Key finding: exponential reward weighting alters the Hermite signal available to the first layer of the neural network. When the feature-learning temperature exceeds a dimension-free O(1) threshold, a constant fraction of neurons successfully recover the hidden direction—a weak-recovery complexity governed by the generative exponent. The paper then derives bounds on the policy value gap for two weighting schemes: an idealized label-weighted fit using true rewards and a practical surrogate-weighted fit using learned rewards.
These bounds reveal an admissible set of deployment temperatures that balance the benefit of lower temperatures (sharper policies) against the increased learning cost from exponential weighting. The surrogate-weighted case introduces proxy-dependent factors that shrink this admissible set, highlighting a practical constraint. The work provides a rigorous framework for understanding when and why reward model training leads to good downstream policies, with implications for RLHF and related methods.

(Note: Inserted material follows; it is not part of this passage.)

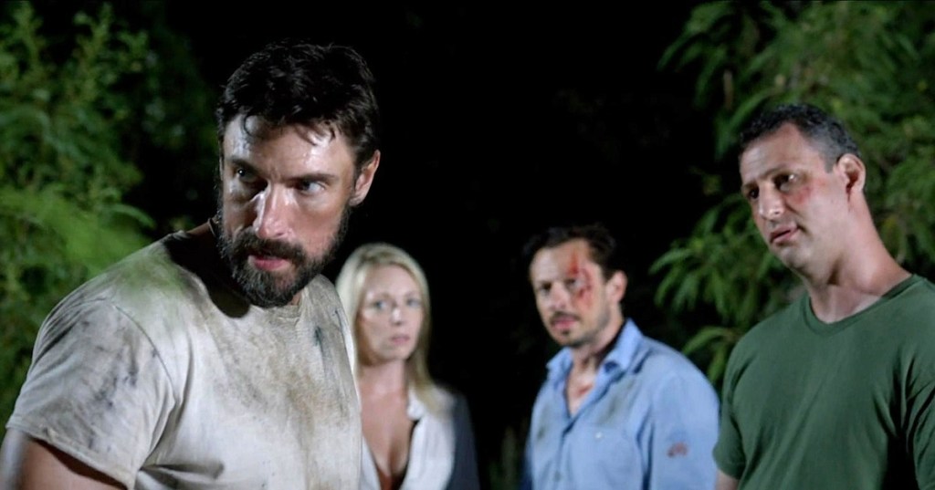 From Director Adam Werth ( Ranchers Kin, and the upcoming Alien Storm) and from a story by Michael Mahal and Sonny Mahal, with the screenplay by Robert Thompson comes Bermuda Island, a fun bonkers tale of a group of flight passengers whose flight to Puerto Rico runs into a mid air storm and crashes next to ‘Bermuda Island’ Once on shore, the great mix of characters must fight to get along, fight to survive and fight to avoid..the something on the island. Part air disaster film, part ‘Lost’ and part creature feature. Bermuda Island is a fun popcorn film that will keep you very entertained for its runtime. Whilst the ‘hook’ of the film might be the ‘something’ that’s on the island, for me the key for this film other than the beautiful scenery is the great set of characters that are on screen. There is something to like and dislike for everyone! There are also so many faces that I recognised in the film too such as Sarah French (Bridge of the Damned, which I watched recently). Its also a bit of a reunion from the Michael Su directed film Night of the Tommyknockers as Bermuda Island features Sheri Davis, Victor V Gelsomino,Wesley Cannon, Dane Bingenheimer, Bill Victor Arucan and Tom Sizemore who featured in that monster western (which I did review here )

- Feature-learning temperature above a dimension-free O(1) threshold enables a constant fraction of neurons to recover the hidden reward direction.
- Paper derives value-gap bounds for both idealized (true reward) and practical (surrogate-weighted) fits, showing surrogate-dependent factors shrink the admissible deployment temperature set.
- Exponential reward weighting changes the Hermite signal structure, with weak-recovery complexity governed by the generative exponent.
Why It Matters
Theoretical grounding for choosing reward model temperatures in RLHF, helping practitioners avoid overconfident or underfitted policies.